§ ACTIVITY:
Every entry is to be copied exactly as written, and the pictures are to be skipped.

§ LISTED ENTRIES:
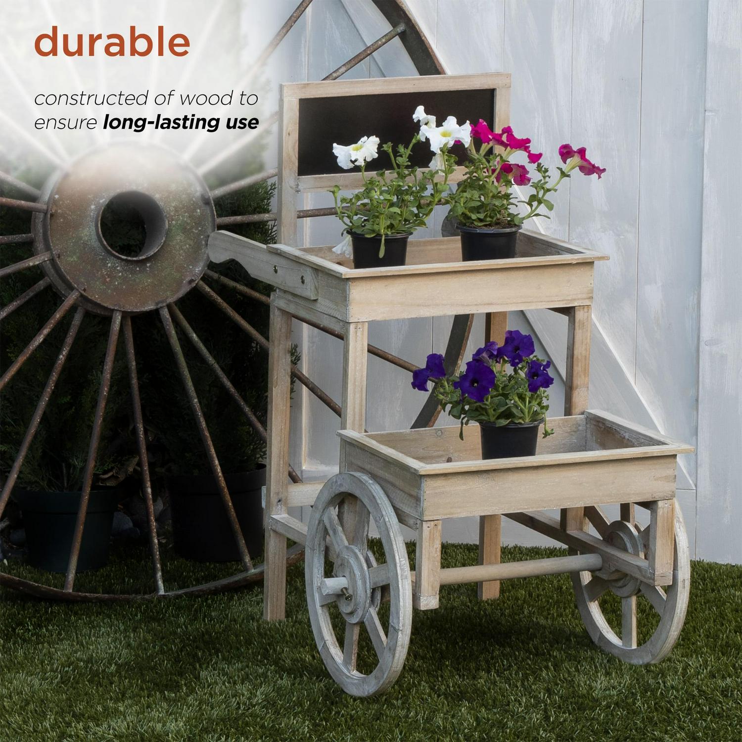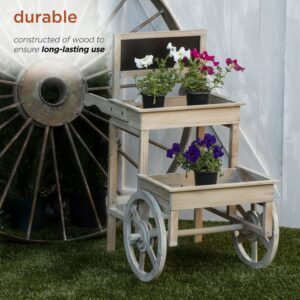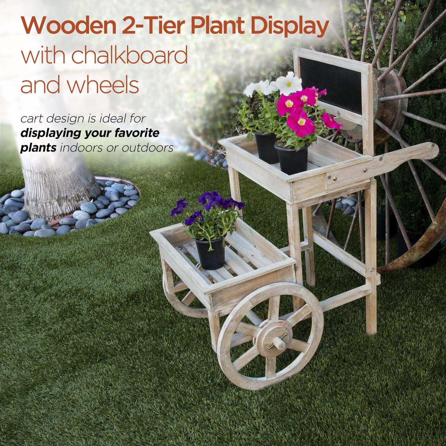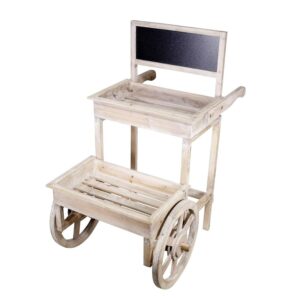 Display your greenery with the Alpine Corporation Wooden 2-Tier Plant Display Stand with Chalkboard. Ideal for use indoors and outdoors, this cart comes fashioned with wheels for easy transportation between the two spaces. Fill with your favorite potted plants and write messages on the chalkboard! The cart is made of durable materials that will perfect your home, yard, and garden decor. The farmhouse-style wood adds a touch of elegance to any indoor or outdoor space. With a 1-year warranty, you can be confident in the quality of your purchase. Cart measures 31″L x 22″W x 34″H, ideal for any space.
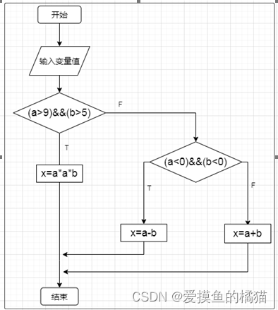 根据下列流程图编写程序实现相应分析处理并显示结果。返回文字“x=a*a*b的值:”和x的值;返回文字“x=a-b的值:”和x的值;返回文字“x=a+b的值:”和x的值。其中变量a、b均须为整型。编写程序代码,使用JUnit框架编写测试类对编写的程序代码进行测试,测试类中设计最少的测试数据满足语句覆盖测试,每条测试数据需要在测试类中编写一个测试方法。使用startsWith判断期望结果返回文字和实际返回文字是否一致。
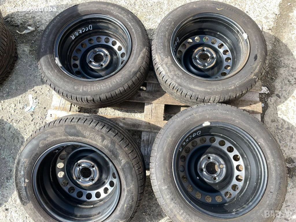 15 цола джанти 4х100 Dacia Logan Sandero Dokker et40 6J 185/65/15 Continental → Обява 53685780
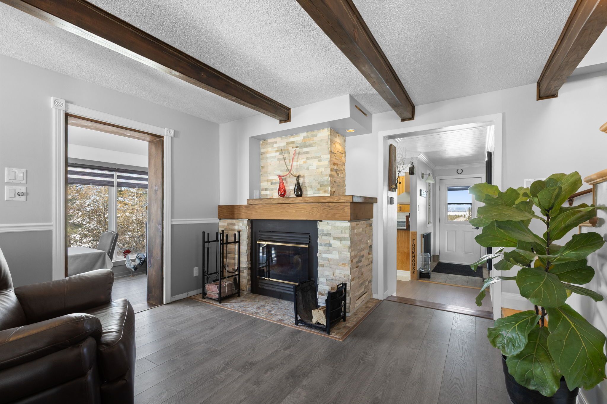 Country living at it's best with this extensively renovated 4 bedroom/2 bathroom century home with gorgeous curb appeal sitting on a14. 86 acre lot surrounded by nature and tranquility. This one of a kind home has been thoughtfully updated from top to bottom while still maintaining some elements of it's original charm such as exposed ceiling beams, solid wood interior doors and decorative windows. The modern exterior has been completely updated with brand new siding (2025), new roof shingles (2023) and an impressive concrete deck with panoramic glass panels allowing for an unobstructed view of the picturesque landscape. The home was lifted and a new concrete foundation was poured (2022) which gives the unspoiled basement 10ft high ceilings, a new 200 amp panel (2022) as well as a rough-in for a 3rd bathroom. The lower level also features a convenient separate entrance and a large cold storage area. Newly installed high grade laminate flooring can be found throughout the main level as well as in the 4 season solarium. A cozy fireplace with a modern ledgestone facade is the focal point of the living area. The updated kitchen comes complete with new countertops, a convenient glass cooktop and dual built-in ovens. A spa like main bathroom which features an oversized soaker tub as well as a seperate shower with jets and rain shower head can also be found on the main level along with a spacious master bedroom retreat. The second level boasts 3 bedrooms plus a convenient loft as well as a brand new bathroom with modern glass shower (2025). This home is ideal for those seeking a peaceful retreat embracing their homesteading lifestyle surrounded by fruit trees, acres and acres of land as well as your very own plantation with silver maples, white spruce and tamarack trees. This is a special home with so much to offer conveniently located just minutes away from alfred and 15 mins from hawkesbury.
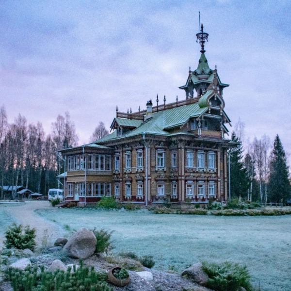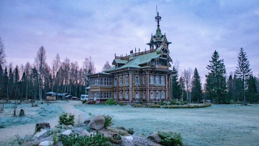 Представьте себе, что едете вы по автостраде, частично уже отремонтированной, иной раз и заново построенной, а иной – только слегка подправленной, по сторонам – русские равнинные просторы, заросшие дикой травой и кустарником, темные леса, редкие деревни, речки со странными названиями. Таков обычный пейзаж Костромской области, одной из самых безлюдных в нашей стране, и чем дальше на север, тем безлюдней. Вся небогатая цивилизация сосредоточена вдоль автострады – бензоколонки, редкие кафе, шиномонтажи. Но стоит съехать с трассы – и уже не встретить никаких следов человеческой деятельности, кроме штабелей с бревнами, подготовленным лесорубами для вывоза, и остатков брошенных деревень с превращенными в развалины храмами. И вот после 30 километров проселочной дороги, заботливо засыпанной крупным гравием, от которого душу вытрясешь, вы вдруг попадаете на сказочную поляну – открытое, дочиста выкошенное пространство с прудами, альпийскими горками, садом-огородом, баней, клумбами и тропками. А посреди поляны – терем с картин Васнецова или Головина – резной, нарядный, разноцветный. В нем вы можете пожить пару дней, если заранее забронировали себе номер, и эта территория с ее лавочками, беседками, расчищенными тропами к озеру, птицами и цветами станет на время вашей.
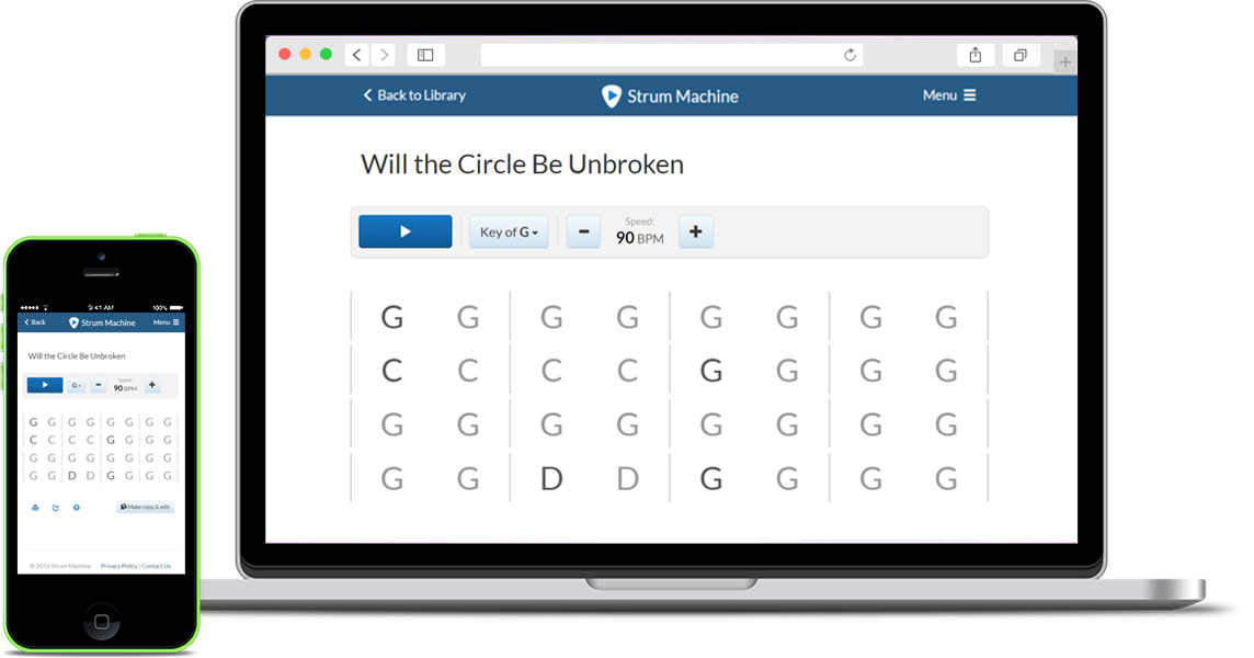 Strum Machine will work on most Mac or PC browsers (Firefox, Chrome, Safari) and on most smartphones. It does not work well with Internet Explorer or on older Android phones. The user can switch from keyboard to touchscreen controls for use on tablets or phones.

§ SOLUTION:
 Display your greenery with the Alpine Corporation Wooden 2-Tier Plant Display Stand with Chalkboard. Ideal for use indoors and outdoors, this cart comes fashioned with wheels for easy transportation between the two spaces. Fill with your favorite potted plants and write messages on the chalkboard! The cart is made of durable materials that will perfect your home, yard, and garden decor. The farmhouse-style wood adds a touch of elegance to any indoor or outdoor space. With a 1-year warranty, you can be confident in the quality of your purchase. Cart measures 31″L x 22″W x 34″H, ideal for any space.
 根据下列流程图编写程序实现相应分析处理并显示结果。返回文字“x=a*a*b的值:”和x的值;返回文字“x=a-b的值:”和x的值;返回文字“x=a+b的值:”和x的值。其中变量a、b均须为整型。编写程序代码,使用JUnit框架编写测试类对编写的程序代码进行测试,测试类中设计最少的测试数据满足语句覆盖测试,每条测试数据需要在测试类中编写一个测试方法。使用startsWith判断期望结果返回文字和实际返回文字是否一致。
 15 цола джанти 4х100 Dacia Logan Sandero Dokker et40 6J 185/65/15 Continental → Обява 53685780
 Country living at it's best with this extensively renovated 4 bedroom/2 bathroom century home with gorgeous curb appeal sitting on a14. 86 acre lot surrounded by nature and tranquility. This one of a kind home has been thoughtfully updated from top to bottom while still maintaining some elements of it's original charm such as exposed ceiling beams, solid wood interior doors and decorative windows. The modern exterior has been completely updated with brand new siding (2025), new roof shingles (2023) and an impressive concrete deck with panoramic glass panels allowing for an unobstructed view of the picturesque landscape. The home was lifted and a new concrete foundation was poured (2022) which gives the unspoiled basement 10ft high ceilings, a new 200 amp panel (2022) as well as a rough-in for a 3rd bathroom. The lower level also features a convenient separate entrance and a large cold storage area. Newly installed high grade laminate flooring can be found throughout the main level as well as in the 4 season solarium. A cozy fireplace with a modern ledgestone facade is the focal point of the living area. The updated kitchen comes complete with new countertops, a convenient glass cooktop and dual built-in ovens. A spa like main bathroom which features an oversized soaker tub as well as a seperate shower with jets and rain shower head can also be found on the main level along with a spacious master bedroom retreat. The second level boasts 3 bedrooms plus a convenient loft as well as a brand new bathroom with modern glass shower (2025). This home is ideal for those seeking a peaceful retreat embracing their homesteading lifestyle surrounded by fruit trees, acres and acres of land as well as your very own plantation with silver maples, white spruce and tamarack trees. This is a special home with so much to offer conveniently located just minutes away from alfred and 15 mins from hawkesbury.
 Представьте себе, что едете вы по автостраде, частично уже отремонтированной, иной раз и заново построенной, а иной – только слегка подправленной, по сторонам – русские равнинные просторы, заросшие дикой травой и кустарником, темные леса, редкие деревни, речки со странными названиями. Таков обычный пейзаж Костромской области, одной из самых безлюдных в нашей стране, и чем дальше на север, тем безлюдней. Вся небогатая цивилизация сосредоточена вдоль автострады – бензоколонки, редкие кафе, шиномонтажи. Но стоит съехать с трассы – и уже не встретить никаких следов человеческой деятельности, кроме штабелей с бревнами, подготовленным лесорубами для вывоза, и остатков брошенных деревень с превращенными в развалины храмами. И вот после 30 километров проселочной дороги, заботливо засыпанной крупным гравием, от которого душу вытрясешь, вы вдруг попадаете на сказочную поляну – открытое, дочиста выкошенное пространство с прудами, альпийскими горками, садом-огородом, баней, клумбами и тропками. А посреди поляны – терем с картин Васнецова или Головина – резной, нарядный, разноцветный. В нем вы можете пожить пару дней, если заранее забронировали себе номер, и эта территория с ее лавочками, беседками, расчищенными тропами к озеру, птицами и цветами станет на время вашей.
 Strum Machine will work on most Mac or PC browsers (Firefox, Chrome, Safari) and on most smartphones. It does not work well with Internet Explorer or on older Android phones. The user can switch from keyboard to touchscreen controls for use on tablets or phones.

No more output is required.